An observational study of two cohorts has been conducted. One retrospective cohort that included patients with IBD treated with Infliximab original, and a prospective cohort of patients who were switching from infliximab original to infliximab biosimilar. 98 patients were included in each cohort. We had analyzed the overall efficacy and loss of efficacy in patients in remission at the end of one year after treatment with the original drug compared to the results of the year of treatment with the biosimilar. The efficacy was reported based clinical scores [Harvey-Bradshaw score (HB) ≤ 4 in patients with Crohn’s disease (CD) or partial Mayo score ≤ 2 in patients with ulcerative colitis (UC)] and biochemical test. Wilcoxon test, McNemar´s test and the Cochran Q test were used to compare the variables in both periods.

Research results

This study demonstrated the overall efficacy and the loss of overall efficacy for infliximab original and infliximab biosimilar were similar per year of treatment.
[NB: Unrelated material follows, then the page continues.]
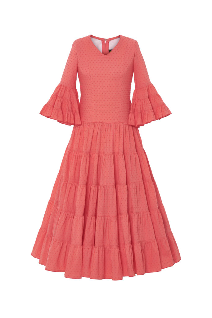 Vestido canastero liso de plumety de algodón. Confeccionado siguiendo un patrón con escote en pico y mangas a medio brazo con volante canastero de tres cortes. Falda canastera de cinco cortes desiguales. Falda interior con volante de tarlatana para aumentar el volumen en el bajo. Las mangas de largo a medio brazo y con un volante canastero. El vestido lleva bolsillo interior y presillas de cuelgue.

The loss of efficacy in patients who were in basal remission was 16.3% in the infliximab original vs 27.1% in the infliximab biosimilar. This 10.8% of difference in the loss of efficacy between the two groups did not show a statistical difference. No significant changes in disease activity, measured by HB in CD (P = 0.385) and Partial Mayo score in UC (P = 0.349) were observed between both groups. Significant changes in the median CRP level (95%CI) were observed between both groups (P = 0.014), nevertheless, it was always in remission (≤ 5 mg/dL). Adverse events were similar in both cohorts.

Research conclusions

Our study suggests that the overall efficacy and loss of treatment response with infliximab biosimilar (CT-P13) is similar to that observed with infliximab original in patients who were switching at the 12 mo follow-up. The high difference in the loss of efficacy shown in patients who were in basal remission with infliximab original vs infliximab biosimilar could be explained by the following: in our data we found the intervals of confidence in both groups were so high that it was impossible to obtain a statistical difference, and in other hand, nocebo is a concept that should be taken into account in our results. Many patients did not have enough confidence in the biosimilar the first year.

Research perspectives

Future prospective comparative studies with long-term follow-up are necessary to discriminate the loss of efficacy in patient who were switched to infliximab biosimilar.